Climbers through trees & shrubs
It might seem more complicated to look after climbers if they are scrambling up through trees and shrubs rather than isolated on wires or trellis. But make a wise choice and you can have two sets of flowers in the same space, or decorate an evergreen shrub that provides winter structure with summer flowers (and surprise your friends with your amazing flowering conifer!).
Great combinations are Clematis through Rhododendron, a Rose growing into the canopy of an apple tree or annual climbers like Sweetpeas or Nasturtiums scrambling over a shrub grown for coloured foliage. How about orangey-red Nasturtiums shining out against a purple leaved Cotinus? If you are feeling brave!
Pairing climbers
You can also stick with climbers growing on man made supports: walls, fences, pergolas and obelisks, and plant two different plants to grow together. Once again this gives you the opportunity to double the flowering season with a late summer flowerer or a climber with great autumn leaf colour, like such as an ornamental Vine, grown over Wisteria.

For a double hit of colour, albeit only once in the year, blend two plants the flower at the same time to provide either a contrasting or complementary colour scheme. Two of the most popular climbers rise to a new level if you combine a Rose with a large summer flowering Clematis.

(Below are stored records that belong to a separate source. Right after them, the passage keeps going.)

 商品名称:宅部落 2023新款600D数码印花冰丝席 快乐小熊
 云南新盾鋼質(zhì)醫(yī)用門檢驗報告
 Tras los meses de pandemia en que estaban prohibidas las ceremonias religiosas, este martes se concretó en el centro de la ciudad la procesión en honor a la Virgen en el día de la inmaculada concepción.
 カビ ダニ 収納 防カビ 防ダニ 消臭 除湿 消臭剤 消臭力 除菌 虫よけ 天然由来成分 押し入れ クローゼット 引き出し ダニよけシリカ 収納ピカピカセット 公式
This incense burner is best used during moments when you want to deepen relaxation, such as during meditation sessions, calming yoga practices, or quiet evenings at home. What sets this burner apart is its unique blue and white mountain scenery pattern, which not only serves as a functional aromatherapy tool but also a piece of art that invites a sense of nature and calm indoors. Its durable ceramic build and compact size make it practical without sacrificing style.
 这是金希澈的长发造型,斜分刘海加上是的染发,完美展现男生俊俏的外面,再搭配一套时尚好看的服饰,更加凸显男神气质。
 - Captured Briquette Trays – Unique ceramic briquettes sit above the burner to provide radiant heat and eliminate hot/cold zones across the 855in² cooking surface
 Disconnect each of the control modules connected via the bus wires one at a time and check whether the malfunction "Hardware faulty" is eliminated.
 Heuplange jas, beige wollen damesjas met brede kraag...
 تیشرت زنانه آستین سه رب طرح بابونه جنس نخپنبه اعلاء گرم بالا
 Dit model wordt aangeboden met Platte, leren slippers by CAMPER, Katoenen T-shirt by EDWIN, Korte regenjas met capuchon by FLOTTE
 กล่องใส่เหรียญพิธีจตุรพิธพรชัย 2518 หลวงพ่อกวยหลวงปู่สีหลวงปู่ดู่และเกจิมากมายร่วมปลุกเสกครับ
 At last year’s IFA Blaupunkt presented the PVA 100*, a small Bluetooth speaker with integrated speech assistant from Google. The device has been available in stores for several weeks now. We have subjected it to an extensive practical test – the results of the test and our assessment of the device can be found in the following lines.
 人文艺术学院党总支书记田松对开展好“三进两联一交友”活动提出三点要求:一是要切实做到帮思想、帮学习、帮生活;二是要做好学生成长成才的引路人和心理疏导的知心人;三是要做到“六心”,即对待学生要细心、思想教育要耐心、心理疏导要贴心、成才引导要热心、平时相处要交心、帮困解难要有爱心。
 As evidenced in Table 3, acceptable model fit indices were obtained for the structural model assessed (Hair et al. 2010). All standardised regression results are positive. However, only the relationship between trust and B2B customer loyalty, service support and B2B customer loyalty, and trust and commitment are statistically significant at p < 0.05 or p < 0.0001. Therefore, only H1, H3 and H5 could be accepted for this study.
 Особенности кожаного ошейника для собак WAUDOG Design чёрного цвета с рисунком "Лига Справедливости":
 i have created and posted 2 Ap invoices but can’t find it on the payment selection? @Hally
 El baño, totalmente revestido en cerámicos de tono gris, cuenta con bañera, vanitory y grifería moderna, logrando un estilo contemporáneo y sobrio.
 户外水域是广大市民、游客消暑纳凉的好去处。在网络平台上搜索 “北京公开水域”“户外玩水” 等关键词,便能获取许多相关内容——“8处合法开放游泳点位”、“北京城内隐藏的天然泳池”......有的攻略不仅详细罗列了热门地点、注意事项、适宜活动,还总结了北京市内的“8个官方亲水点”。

Finally, in a similar arrangement to adorning evergreen shrubs, you can add annual climber to grow through a permanent evergreen climber, for example Morning Glory supported by Trachelospermum. The former provides showy flowers while the latter has subtle white flowers that offer up a sweet fragrance.
The practicalities
Plant the two specimens at least 60cm apart to give each the chance of establishing a root system without competition for water. Two climbers can be planted at opposite ends of a trellis and grow to meet in the middle. A climber that you want to grow through a tree or shrub is best planted away from the trunk and guided directly into the lowest branches. An annual does of fertiliser and a mulch of compost or similar well-rotted organic matter will keep both plants healthy.
If combining two climbers together the simplest choice from a maintenance point of view is two plants that can be pruned at the same time so that you not trying to unpick stems that are twined around each other. If you need to prune an early flowerer after the flowers fade whilst its companion is still carrying buds for a later display, then it simplifies pruning if the plants have very different stems so that there is no confusion over what you are removing with each cut.
Care is needed when removing the remains of annuals from a permanent climber that you want to keep. Just pulling from the base of the stems can bring both plants down together if the annual is closely twined around the stems of the supporting plant.
So let your creative juices flow and create your own Climbing Combinations.